Uchodźcy otrzymują istotne wsparcie od polskich grup
Od przyjazdu do Krakowa organizacje pozarządowe, takie jak Stovarchischeny Patchwork i Special School 11, pomagają Victorii Mostovenko i jej córce w osiedleniu się w Polsce. Stowarzyszenie Patchwork zostało założone przez cztery ukraińskie matki i Rosjankę dzieci z niepełnosprawnością rozwojową oraz pedagoga specjalnego z Rosji. Od początku rosyjskiej inwazji 50 ukraińskich rodzin w Krakowie udzieliło im intensywnego wsparcia w nowym starcie.
Odpowiednie warunki mieszkaniowe i długotrwałe leczenie, bariery językowe i niezależność finansowa – to główne problemy ukraińskich rodzin uchodźców z niepełnosprawnymi dziećmi.
„Pomagamy im stanąć na własnych nogach i wspieramy ich w pierwszych krokach w procesie integracji” – mówi Christina Rudenko. Czy rodziny niepełnosprawne. „Pomagamy Ci ubiegać się o polską kartę niepełnosprawności lub dostać miejsce w przedszkolu lub szkole, bo wciąż pamiętamy, jak ciężko było, gdy przyjechaliśmy do Polski.”

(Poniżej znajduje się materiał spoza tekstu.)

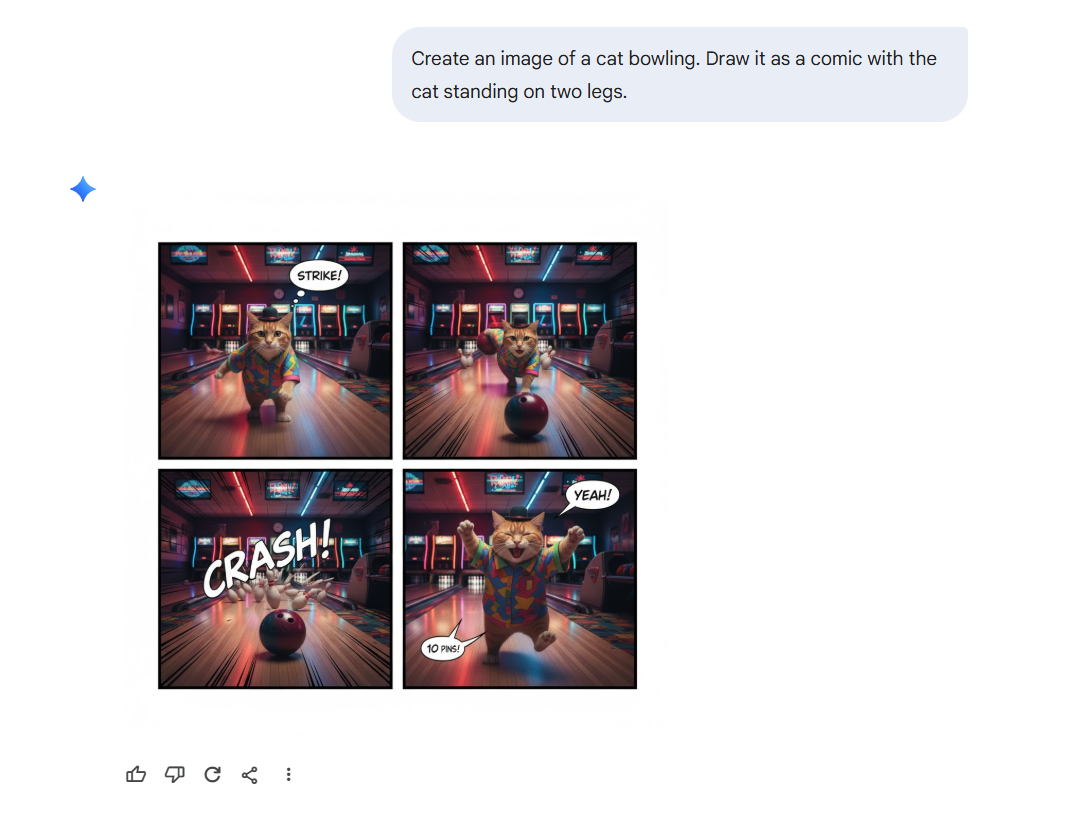 Я попросил ИИ сгенерировать изображение кота, играющего в боулинг, нарисованное как комикс, где кот ходит на двух ногах. Он справился! Полезный совет: детальное описание ваших запросов может сэкономить вам время и дать лучшие результаты.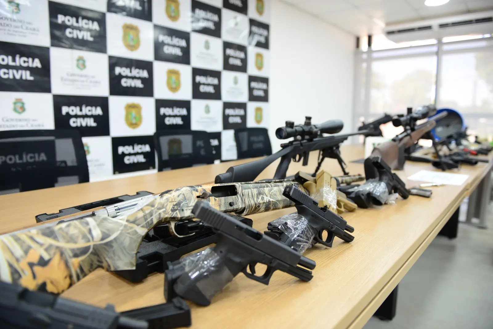 armas de fogo foram apreendidas apenas com Francisco Océlio de Araújo, de 43 anos, em um imóvel no bairro Presidente Vargas, em Fortaleza. Sendo um fuzil Ponto 308, um fuzil calibre 556, um rifle Ponto 38, um rifle calibre 22, três espingardas calibre 12, uma carabina Ponto 40, um revólver Ponto 44, dois revólveres calibre 38, três pistolas 9mm, duas pistolas Ponto 45 e uma pistola Ponto 380. Uma caneta que atira também foi apreendida.

Cristina Rudenko przewodzi niektórym grupom wspierającym ukraińskie rodziny
Rudenko przeniósł się z Ukrainy do Niemiec w 2014 roku, a następnie do Polski. Jej córka, która cierpi na porażenie mózgowe i epilepsję, ma trudności z leczeniem na Ukrainie. Dzięki polskim ekspertom Rutenko mówi, że jego córka Sonia w ciągu kilku miesięcy nauczyła się swobodnie jeść: „Od początku czynili cuda”. Chce, aby ukraińskie rodziny uchodźców miały takie same możliwości.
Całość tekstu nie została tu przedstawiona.